3.3. Effects of CO2 Injection Rate on CSEGR

The injection rate affects both the gas injection energy replenishment effectiveness and the CO2 front advancement velocity. To explore the influence of different injection rates during the injection phase on recovery enhancement and geological storage, various injection rate schemes were established under continuous gas injection conditions. Specifically, annual injection rates were configured at 0.02 HCPV/year, 0.04 HCPV/year, 0.06 HCPV/year, 0.08 HCPV/year, and 0.1 HCPV/year. Figure 9 illustrates the recovery enhancement for different injection rate schemes. Recovery enhancement initially increases and then decreases with increasing injection rate, with 0.06 HCPV/year achieving optimal recovery enhancement. At injection rates below 0.06 HCPV/year, insufficient total injected gas volume prevents adequate formation energy deficit replenishment and effective pressure drive system establishment. Conversely, at injection rates above 0.06 HCPV/year, excessive CO2 front advancement velocity prematurely triggers shut-in conditions, reducing production well operation duration and consequently decreasing recovery rates.
The cumulative CO2 injection mass and gas enhancement per ton of CO2 for different injection rates are shown in Figure 10. Regarding gas enhancement per ton of CO2, lower injection rates result in reduced cumulative CO2 injection, yielding higher gas enhancement per ton of CO2. While injection rates below 0.06 HCPV/year demonstrate higher CO2 utilization efficiency, overall recovery enhancement remains limited. At injection rates exceeding 0.06 HCPV/year, recovery enhancement plateaus, and gas enhancement per ton of CO2 decreases substantially. This suggests that elevated injection rates rapidly replenish formation energy and effectively enhance recovery but diminish effective gas enhancement per ton of CO2. As injection rates exceed reasonable values under current production rates and shut-in limit conditions, gas breakthrough in production wells accelerates. From a storage perspective, increased injection rates hasten the pure storage phase arrival, with elevated formation pressure enhancing CO2 storage capacity.
This indicates that optimal injection rates are established based on determined production rates and shut-in conditions. Changes in production rates or shut-in conditions will correspondingly alter optimal injection rates. Future research should address the reasonable formulation of injection-production schemes considering multi-parameter interactions.

3.4. Effects of Production Rate on CSEGR

Production well production rates influence gas breakthrough timing to a certain degree and directly determine recovery rate variation patterns. Various production rate schemes were established under continuous gas injection conditions. Specifically, production wells were configured to operate at gas production rates of 1000 m3/d, 2000 m3/d, 3000 m3/d, 4000 m3/d, and 5000 m3/d. Figure 11 illustrates the recovery enhancement for different production rate schemes. Recovery enhancement continuously increases with rising production rates, while production wells simultaneously reach shut-in conditions more rapidly. When production rates exceed 4000 m3/d, the recovery enhancement improvement rate diminishes.
Figure 12 presents the cumulative CO2 injection volume and gas enhancement per ton of CO2 for various injection rates. Gas enhancement per ton of CO2 continuously increases with rising production rates. From a storage perspective, given unchanged injection rates, formation pressure decline rates accelerate continuously, and the mass corresponding to equivalent underground volumes of injected CO2 continuously decreases. Further increasing production rates causes production wells to rapidly transition to constant pressure production, which offers no assistance for recovery enhancement while further reducing storage capacity. Consequently, under current injection rates, a production rate of 4000 m3/d is optimal.

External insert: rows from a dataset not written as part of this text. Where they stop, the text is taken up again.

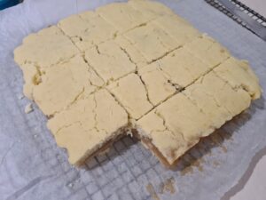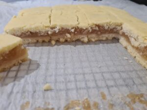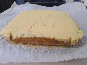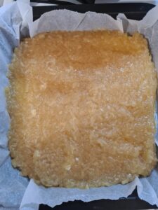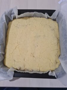 - Intr-o tava cu hartie de copt, am pus jumatate din compozitia de la blat.
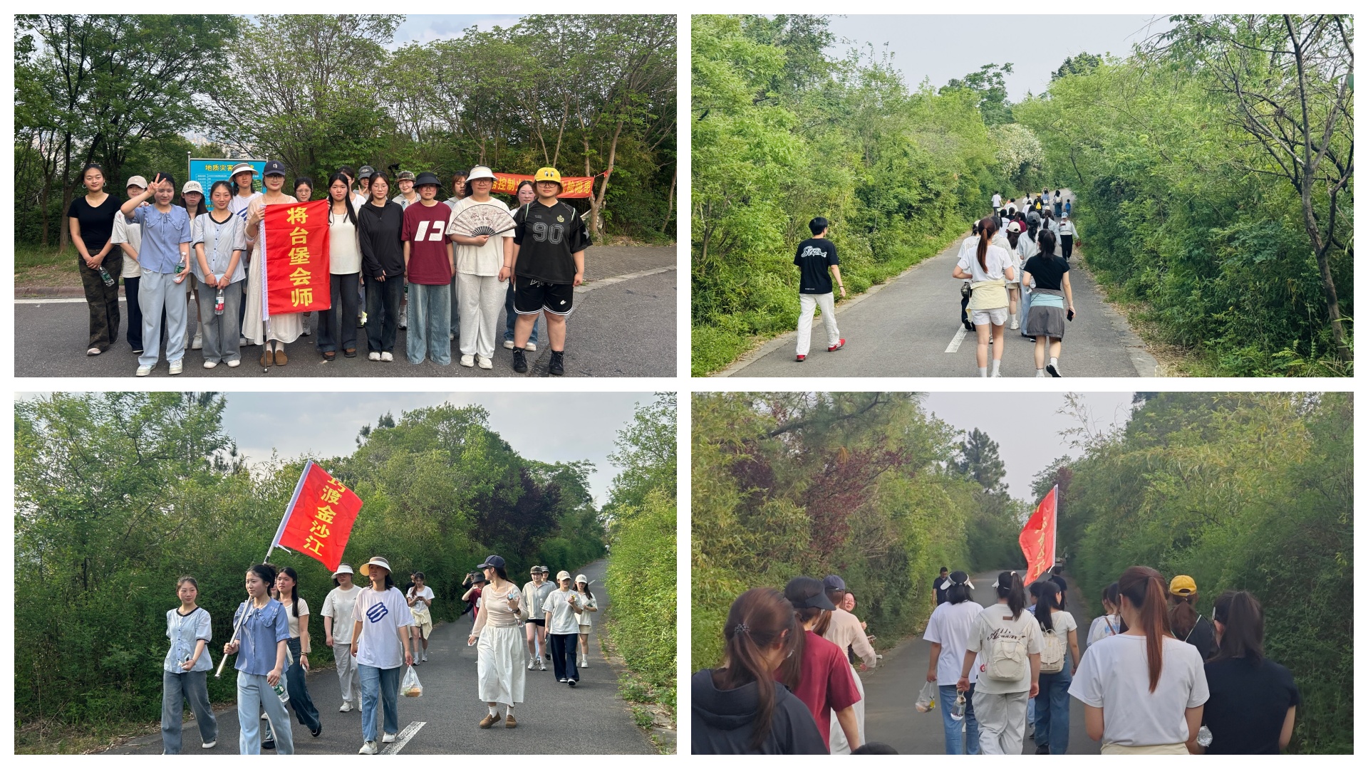 本次活动将翠屏山比作红军长征路,同学们以实际行动“重走”长征之路,将登山途中所遇到的各种困难,联想到长征中的艰难险阻,如巧渡金沙江、穿越草地、胜利会师等。尽管我们面临的挑战远不及先辈们的艰险,但随着登山高度的不断攀升,原本轻松愉快的氛围逐渐被沉重的脚步与粗重的喘息所取代。有的同学脚步愈发沉重,有的汗流浃背、气喘吁吁,但大家始终互相鼓励、彼此打气,凝聚起强大的团队力量,在坚持中磨练意志,在协作中激发斗志。
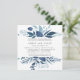 Our Wild Azure rehearsal dinner invitation in a unique square format frames your ceremony rehearsal and celebration details with a top and bottom border of winter watercolor foliage and leaves in icy shades of blue.
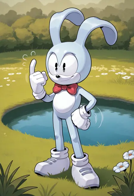 Feels the Rabbit, light blue skin, black eyes, white muzzle, floppy rabbit ears, red bow tie, white gloves, white shoes

3.5. Effects of Shut-In Condition on CSEGR

Shut-in condition directly determines the production duration of producers: the higher the CO2 fraction in produced gas allowed before shut-in, the greater the corresponding CH4 produced. However, engineering practice must also account for the treatment of high-CO2 produced gas and associated issues such as pipeline corrosion. Therefore, a trade-off is required between maximizing recovery and corrosion control. Under continuous CO2 injection, we configured different shut-in conditions whereby producers are shut in when the CO2 fraction in produced gas reaches 10%, 15%, 20%, 25%, and 30%, respectively. The resulting recovery enhancement under different shut-in conditions is shown in Figure 13. As the shut-in CO2 limit increases, production time progressively extends and recovery enhancement increases, because later shut-in leads to higher cumulative production.
The cumulative CO2 injection mass and gas enhancement per ton of CO2 under different shut-in conditions are shown in Figure 14. As shut-in conditions become more permissive, production time increases, the magnitude of formation pressure decline grows, and the mass corresponding to the same subsurface volume of injected CO2 decreases. Additionally, the gas enhancement per ton of CO2 increases gradually with increasing CO2 mole fraction at shut-in. The influence of shut-in condition on recovery is straightforward and has significant implications for optimizing both injection and production rates.

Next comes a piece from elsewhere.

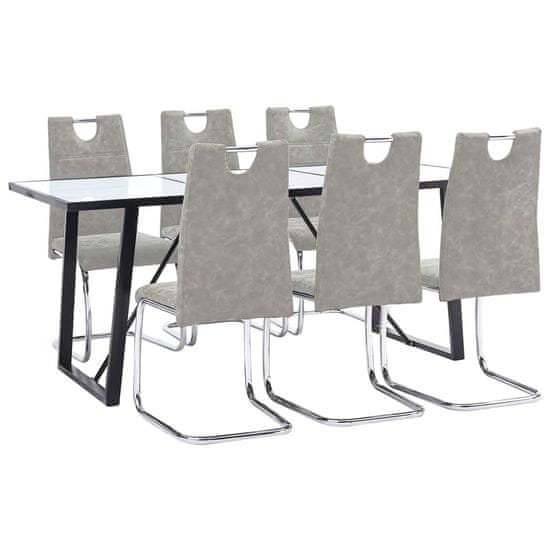 Vidaxl Jedilna garnitura 7-delna svetlo sivo umetno usnje
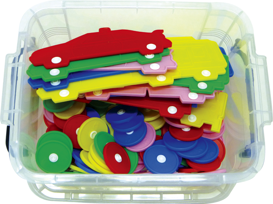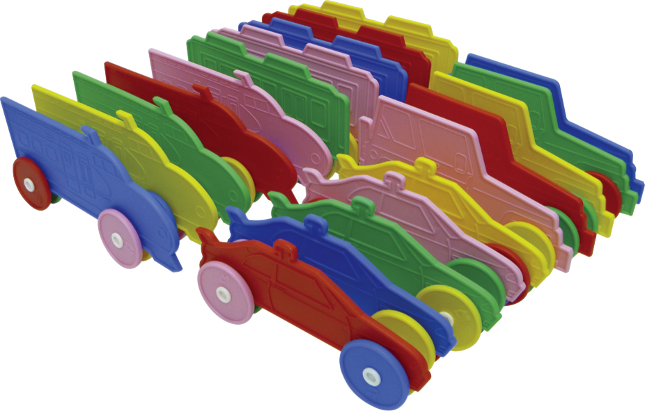 指先の訓練ができ、創造力を養います。曲げられるやわらかいブロックです。乗り物プレートにタイヤを付けて走らせましょう。ホックブロックと組み合わせて遊べます。

3.6. Main Controlling Factors for CCUS-EGR

Based on the preceding single-factor analyses, we further considered interactions among parameters. Optimizing each parameter in isolation may yield only a local optimum; the optimal injection-production scheme and parameter combination may not coincide with the combination of single-factor optima. Therefore, we designed an orthogonal experiment to investigate how interactions among multiple development factors affect the performance metrics, and employed analysis of variance to assess the relative importance of each factor.
We adopted recovery enhancement, CO2 utilization efficiency (gas enhancement per ton of CO2), and CO2 storage efficiency as evaluation metrics. The factors in the orthogonal design were Injection scheme, injection rate, production rate, and shut-in condition. The parameter settings for each case are summarized in Table 4.
Based on the analysis of variance results for recovery enhancement, the factors in order of decreasing significance are injection rate > production rate > Injection scheme > shut-in condition. Injection rate directly governs energy replenishment and determines whether the displacement pressure system can satisfy the daily gas offtake requirement. Production rate is secondary, as it controls the produced gas volume, while Injection scheme and shut-in condition are relatively less influential than injection and production rates.
For gas enhancement per ton of CO2, the order is: injection rate > Injection scheme > production rate > shut-in condition. Injection rate is paramount because it directly affects CO2 utilization efficiency. Injection scheme ranks second: with intermittent injection, shut-in periods allow production to be sustained by the pressure gradient established during injection, yielding higher CO2 utilization than continuous injection. Production rate and the shut-in condition are comparatively least significant.
For cumulative CO2 injection mass, the order is: injection rate > Injection scheme > production rate > shut-in condition. The injection rate directly determines the amount of CO2 injected over the development period, hence the highest significance. Injection scheme is next because intermittent injection includes shut-in periods that materially affect the total injected volume. Production rate and the shut-in condition have the lowest significance for total injected CO2.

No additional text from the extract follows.